たとえば、前職より月給が2万円高くても、次のような条件が加わることがあります。
・夜勤回数が増える
・ユニットリーダーや新人指導を任される
・入浴介助の担当回数が多い
・欠勤者が出るたびに残業を求められる
・処遇改善手当や固定残業代が月給に含まれている
給与を比較するときは、月給の金額だけでなく、基本給、各種手当、夜勤回数、残業時間、年間休日まで含めて考える必要があります。
ボーナスの有無や退職金制度、昇給実績も確認しておくと、長期的な収入を判断しやすくなります。
人間関係や職場の雰囲気が合わなかった
介護職は、介護職員だけでなく、看護師、ケアマネジャー、生活相談員、リハビリ職、管理者などと連携して働きます。
そのため、人間関係や職種間の連携が悪い職場では、仕事そのものよりも精神的な負担が大きくなることがあります。
入職後に起こりやすい悩みには、次のようなものがあります。
・質問すると嫌な顔をされる
・職員によって介助方法が違う
・新人への説明がほとんどない
・一部の職員だけで情報を共有している
・ミスを個人の責任として強く責められる
・職種間で対立している
・陰口や派閥がある
人間関係を応募前に完全に見抜くことは難しいものの、職場見学で職員同士の声かけや表情を見ることで、ある程度の雰囲気は確認できます。
施設形態の違いを理解せずに転職した
同じ介護職でも、特別養護老人ホーム、介護老人保健施設、有料老人ホーム、グループホーム、デイサービス、訪問介護では仕事内容が異なります。
たとえば、夜勤や身体介護を減らしたい人が入所施設へ転職すると、前職と同じ悩みを抱える可能性があります。
反対に、身体介護の経験を積みたい人が、生活援助や見守りを中心とする職場へ転職すると、物足りなさを感じる場合もあります。
転職前に考えたいこと
「今の施設が合わない」のか、「介護職そのものが合わない」のかを分けて考えることが重要です。
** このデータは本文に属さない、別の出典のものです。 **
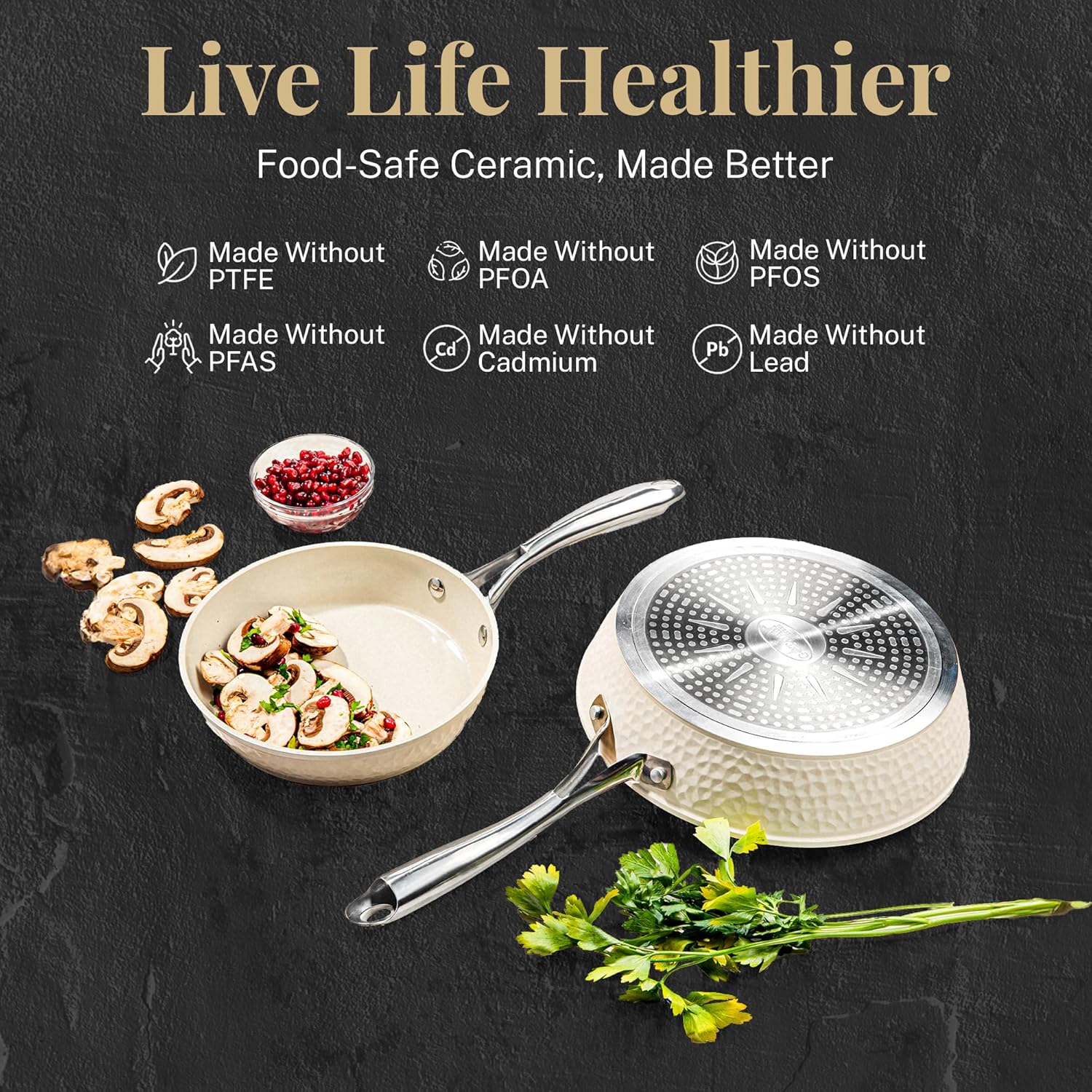 - ELEGANT HAMMERED DESIGN: Each piece of cookware features a classy, hammered design created to add style to any kitchen, providing a professional cooking experience at home without compromising any style.

施設形態や勤務時間を変えることで、同じ介護職でも負担を減らせる場合があります。
転職先を探す前に整理しておきたい失敗の原因
転職で後悔しないためには、求人を探す前に「なぜ今の職場を辞めたいのか」を整理することが大切です。
退職理由が曖昧なまま転職すると、次の職場でも同じ問題を繰り返す可能性があります。
今の職場で最もつらいことを一つずつ分ける
「介護職を辞めたい」と感じていても、実際には複数の悩みが重なっていることがあります。
たとえば、次のように分けて考えてみましょう。
| 悩み | 具体的に整理する内容 |
|---|---|
| 人手不足 | 何人不足しているのか、どの時間帯が厳しいのか |
| 給料 | 基本給、手当、賞与、残業代のどこに不満があるか |
| 夜勤 | 回数、仮眠、休憩、急変対応のどれがつらいか |
| 人間関係 | 特定の職員との問題か、職場全体の雰囲気か |
| 身体的負担 | 移乗、入浴、排泄介助、勤務時間のどれが負担か |
| 教育体制 | 説明不足、指導者不在、質問しにくさのどれか |
「全部つらい」と感じるときも、一つずつ分けることで、次の職場に求める条件が見えやすくなります。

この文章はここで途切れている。